List some skill sets you could use and throw them on a blank sheet of paper. List time required to proficiency and go from there.

Best of success!!!


----------



## exsheeple (Mar 27, 2011)

I am also kinda new to to this and one question I have would be, should I casually bring the subject up among family and friends to possibly seek out like minded people? It may surprise you how many people might actually be doing this without you ever knowing it. 
This question might help Sagittarian as well. So what do all you preppers that have a head start on us noobs think?


----------



## Emerald (Jun 14, 2010)

I have to say--NO! If there are like minded folks they might find you, but as one of the other members has in their sig line.
First rule of prep club -don't talk about prep club, second rule-Don't talk about prep club.
Cuz you may just find that something that you mentioned casually might just come back to haunt you after TSHTF, by the way of folks with their hands out looking for food or someone who will kill ya all for your stuff.
I don't even talk to family any longer. A few who do know that I prep will not say anything, and a few just think that I like to learn new stuff all the time since the car accident left me a bit on the crippled side, stuff to keep me busy. They have no clue what is really going on.


----------



## ReadyMom (Feb 25, 2011)

exsheeple said:


> I am also kinda new to to this and one question I have would be, should I casually bring the subject up among family and friends to possibly seek out like minded people? It may surprise you how many people might actually be doing this without you ever knowing it.
> This question might help Sagittarian as well. So what do all you preppers that have a head start on us noobs think?

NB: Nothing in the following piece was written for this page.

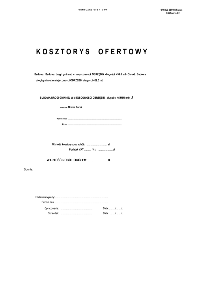 FORMULARZ OFERTOWY KOSZTORYS OFERTOWY Budowa: Budowa drogi gminnej w miejscowości OBRZĘBIN długości 459.0 mb Obiekt: Budowa drogi gminnej w miejscowości OBRZĘBIN długości 459.0 mb BUDOWA DROGI GMINNEJ W MIEJSCOWOŚCI OBRZĘBIN _długości 45JMM) mb_J inwestor: Gmina Turek Wykonawca: ................................................................................................................ Adres: ................................................................................................................ Wartość kosztorysowa robót: ................................ zł Podatek VAT............ % : ...................... zł WARTOŚĆ ROBÓT OGÓŁEM: ........................ zł Słownie: Podstawa wyceny: .................................................................................. Poziom cen: .................................................................................. Opracowanie: .................................................... Data: ......... /........ /. Sprawdził: .................................................... Data : ........ /........ /. ORGBUD-SERWIS Poznań KOBRA wer. 9.0 BUDOWA DROGI GMINNEJ W MIEJSCOWOŚCI OBRZĘBIN długości: 459.00 mb Budowa drogi gminnej w miejscowości OBRZĘBIN długości 459.0 mb Obiekt: Budowa drogi gminnej w miejscowości OBRZĘBIN długości 459.0 mb Budowa: Str: 1 Data: 2009-04-22 TABELA ELEMENTÓW SCALONYCH Opis pozycji tabeli a I. ROBOTY PRZYGOTOWAWCZE CPV 45100000-8 j Wartość [zt] ........... b II. ROBOTY ZIEMNE CPV 45112100-6 c III. BUDOWA STUDNI CHŁONNYCH CPV 45232453-2 ........... d IV. BUDOWA ŚCIEKÓW I OPORNIKA CPV 45233140-2 ........... e V. PODBUDOWA CPV 45233220-7 ........... f VI. NAWIERZCHNIA CPV 45233220-7 ........... g VII. OZNAKOWANIE CPV 45233290-8 ........... h VIII. INWENTARYZACJA CPV 452100000-8 ........... Razem: ........... KOSZTORYSOWA WARTOŚĆ ROBÓT: ........... BUDOWA DROGI GMINNEJ W MIEJSCOWOŚCI OBRZĘBIN długości 459.00 mb Budowa drogi gminnej w miejscowości OBRZĘBIN długości 459.0 mb Obiekt: Budowa drogi gminnej w miejscowości OBRZĘBIN długości 459.0 mb Budowa : KOSZTORYS Data: 2009-04-22 Podstawa kalkulacji / Opis pozycji Lp. OFERTOWY Ilość J.m. Str: Cena jednostkowa a. I. ROBOTY PRZYGOTOWAWCZE CPV 45100000-8 1. KNNR 001-0111-01-00 MRRiB 0,459 km Roboty pomiarowe przy liniowych robotach ziemnych (drogach), w terenie: równinnym 459 Numer specyfikacji: D-01.01.01 2. KNNR 001-0101-06-00 MRRiB 10,000 szt Mechaniczne ścinanie drzew, z karczowaniem pni, o średnicy: 56-65 cm Numer specyfikacji: D-01.02.01 3. KNNR 001-0101-03-00 MRRiB 2,000 szt Mechaniczne ścinanie drzew, z karczowaniem pni, o średnicy: 26-35 cm Numer specyfikacji: D-01.02.01 4. KNNR 001-0107-01-00 MRRiB 3,600 mp Transport na odległość do 2 km - dtużyc Uwaga: skrót jednostki miary "mp" oznacza - metr przestrzenny Numer specyfikacji: D-01.02.01 5. KNNR 001-0202-04-00 MRRiB 11,000 m3 Roboty ziemne wykonywane koparkami podsiębiernymi, z transportem urobku samochodami samowyładowczymi na odległość do 1 km, przy pojemności łyżki koparki: 0,25 m3 /grunt kat. I Zasypywanie wykopów po karczowaniu pni Numer specyfikacji: D-02.00.01.D-02.01.01 6. Analiza własna 10,000 m Cięcie piłą nawierzchni bitumicznych na głębokość do 4 cm Numer specyfikacji: D-05.03.05 b. II. ROBOTY ZIEMNE CPV 45112100-6 7. KNR 201-0126-01-00 IZOiEPB ORGBUD W-wa 1 606,000 m2 Usunięcie warstwy ziemi urodzajnej /humusu/ za pomocą spycharek, przy grubości warstwy: do 15 cm z załadunkiem i odwozem 459 x 3.5 Numer specyfikacji: D-01.02.02 8. KNNR 001-0202-04-00 MRRiB 804,000 m3 Roboty ziemne wykonywane koparkami podsiębiernymi, z transportem urobku samochodami samowyładowczymi na odległość do 1 km, przy pojemności łyżki koparki: 0,25 m3 /grunt kat. III. wykopy pod ścieki i obrzeża -242 wykopy pod przepust i studnie chłonne 22+242+540= Numer specyfikacji: D-02.00.01, D-02.01.01 9. KNNR 001-0202-07-20 MRRiB 677,000 m3 Nasypy dla wykonania korony drogi z piasku średniego , roboty ziemne wykonywane koparkami podsiębiernymi, z transportem urobku samochodami samowyładowczymi na odległość do 1 km, przy pojemności łyżki koparki: 0,60 m3 / grunt kat. I-II i samochód 10-151/ Numer specyfikacji: D-02.00.01, D-02.01.01 10. KNNR 001-0407-01-40 MRRiB 677,000 m3 .............. Formowanie nasypów o wys.do 3,0 m, warstwami o grub. 20 cm, w gruncie kat. I-II, spycharkami: 110 kW (150 KM) Iz zagęszczaniem/ Numer specyfikacji: D-02.03.01 11. KNNR 001-0218-02-00 MRRiB 363,000 m3 Mechaniczne plantowanie terenu i przygotowanie podłoża spycharkami gąsienicowymi o mocy: 74 kW (100 KM) - grunt kat. III-IV Numer specyfikacji: D-02.03.01 Wartość [ zł ] 1 FORMULARZ OFERTOWY ORGBUD-SERWISPoznań KOBRA wer. 9.0 BUDOWA DROGI GMINNEJ W MIEJSCOWOŚCI OBRZĘBIN długości 459.00 mb Lp. Data: 2009-04-22 2 b. II. ROBOTY ZIEMNE CPV 45112100-6 Podstawa kalkulacji / Opis pozycji Str: j Ilość J.m. Cena jednostkowa c. III. BUDOWA STUDNI CHŁONNYCH CPV 45232453-2 12. KNNR 006-0604-04-00 MRRiB 2,000 szt ............ Studnie chłonne z kręgów żelbetowych wypełnionych materiałami odsączającymi, przy średnicy kręgów 1,0 m i głębokości studni 3,0 m Numer specyfikacji: D-03.01.01 d. IV. BUDOWA ŚCIEKÓW I OPORNIKA CPV 45233140-2 13. KNNR 006-0605-02-00 MRRiB 50,000 m3 Ławy fundamentowe pod ściek i obrzeża z betonu B20, gr 22 cm Numer specyfikacji: D-08.05.00 14. KNNR 006-0606-03-00 MRRiB 960,000 m Ścieki z elementów betonowych układanych na podsypce cem.-piask. przy grubości prefabrykatów 8cm. Ściek z dwóch rzędów kostki brukowej na podsypce cementowo-piaskowej 918 +62-20= Numer specyfikacji: D-0.8.05.00 15. KNNR 006-0404-05-00 MRRiB 960,000 m ................ Obrzeża betonowe na podsypce cementowo-piaskowej, z wypełnieniem spoin zaprawą cementową i wymiarach obrzeża 30x8 cm Numer specyfikacji: D-08.04.01, D-08.03.01 e. V. PODBUDOWA CPV 45233220-7 Numer specyfikacji: d-08.03.01 16. KNNR 006-0103-03-00 MRRiB

Well, I have to disagree. I think that you can bring it up in a round about way to 'feel out' the folks that you are talking to. Some example conversations, that could lead to more discussion:

You can talk about how you are trying to put away a few extra groceries, by using coupons and sales because you are fearful about the rising prices.

You can mention that there have been so many storms lately, you have decided to make sure you have some spare flashlights and batteries in drawers and you make sure that some of the foods you have in your pantry can be eaten with little preparation.

You can mention how some of those people in tornado strewn areas were without water, so you think it's a good idea to have a few gallons of water on hand .... etc.

There are small hint-like ideas that you put into conversation with family, without letting on that you are a full-blown prepper. See what their reaction is from those 'gentle conversations'. You may be surprised. Take it from there.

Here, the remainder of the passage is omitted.